The items listed below are required for admission consideration for applicable semesters of entry during the current academic year. Submission instructions, additional details, and changes to admission requirements for semesters other than the current academic year can be found on The Graduate College's website. International students should review the International Admission Documents page for additional requirements.
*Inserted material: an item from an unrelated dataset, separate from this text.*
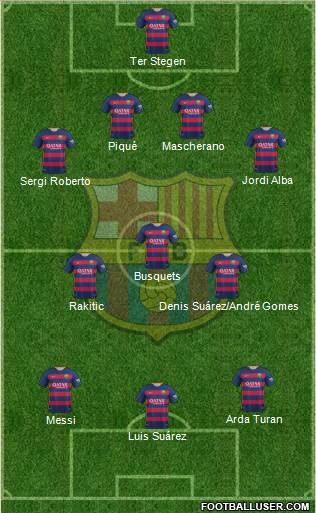 - En mediocampo, Rakitic y Busquets son fijos y el buen partido de Denis me hace pensar que va a jugar él, pero no descarto la titularidad de André Gomes ya que éste será un partido mas físico y de contacto, veremos si nos sorprende el míster (otra vez).

  • completed online application
  • $55 nonrefundable application fee

          or

  • $90 nonrefundable application fee for applications with international credentials
  • baccalaureate degree from a regionally accredited university
  • official transcripts from each institution where course credit was granted
  • minimum 2.75 GPA in the last 60 hours of undergraduate course work (plus any completed graduate courses)
  • minimum 3.0 GPA in junior and senior level physics courses in modern physics, mathematical physics or equivalent, classical mechanics, electromagnetic field theory, and quantum mechanics (Leveling courses may be required if student lacks sufficient background course work. Any required leveling course work must be completed with grades of B or better prior to admission.)
  • GRE not required*
  • resume/CV
  • statement of purpose
  • three letters of recommendation

TOEFL, PTE, or IELTS Scores

Non-native English speakers who do not qualify for an English proficiency waiver:

  • official TOEFL iBT scores required with a 78 overall
  • official PTE scores required with a 52 overall
  • official IELTS (academic) scores required with a 6.5 overall and minimum individual module scores of 6.0

This program does not offer admission if the scores above are not met.

*Additional Information
If the physics GPA falls below the minimum requirement of 3.0, the student may submit the following to be considered for conditional admission:

  • official GRE (general test only) with competitive scores in the verbal reasoning and quantitative reasoning sections

Conditional admission is not available to applicants who require "F" or "J" visas.

Degree Requirements

The Master of Science (M.S.) degree with a major in Physics concentration in Material Physics requires 30 semester credit hours, including a thesis. Students who do not have the appropriate background course work may be required to complete leveling courses.

Course Requirements

Required Courses
PHYS 5312ADVANCED QUANTUM MECHANICS3
PHYS 5313Mathematical Methods of Physics3
PHYS 5314Statistical Physics3
PHYS 5331Electromagnetic Field Theory3
Prescribed Electives
Choose 9 hours from the following:9
PHYS 5304
Experimental Research Methods
PHYS 5320
Solid State Physics
PHYS 5322
Semiconductor Device Microfabrication
PHYS 5324
Thin Film Synthesis and Characterization Laboratory
PHYS 5327
Semiconductor Device Physics
PHYS 5332
Materials Characterization
Electives
Choose 3 hours of advisor-approved electives3
Thesis
PHYS 5399AThesis3
Choose a minimum of 3 hours from the following:3
PHYS 5199B
Thesis
PHYS 5299B
Thesis
PHYS 5399B
Thesis
PHYS 5599B
Thesis
PHYS 5999B
Thesis
Total Hours30

Comprehensive Examination Requirement

An oral thesis defense is required and will satisfy the comprehensive examination requirement. If the thesis committee is not satisfied with a graduate student’s oral defense, they will specify all deficiencies the student must resolve. Should the thesis committee decide to hold a second oral defense, the chair of the thesis committee shall not schedule the second defense until the student has resolved all specified deficiencies.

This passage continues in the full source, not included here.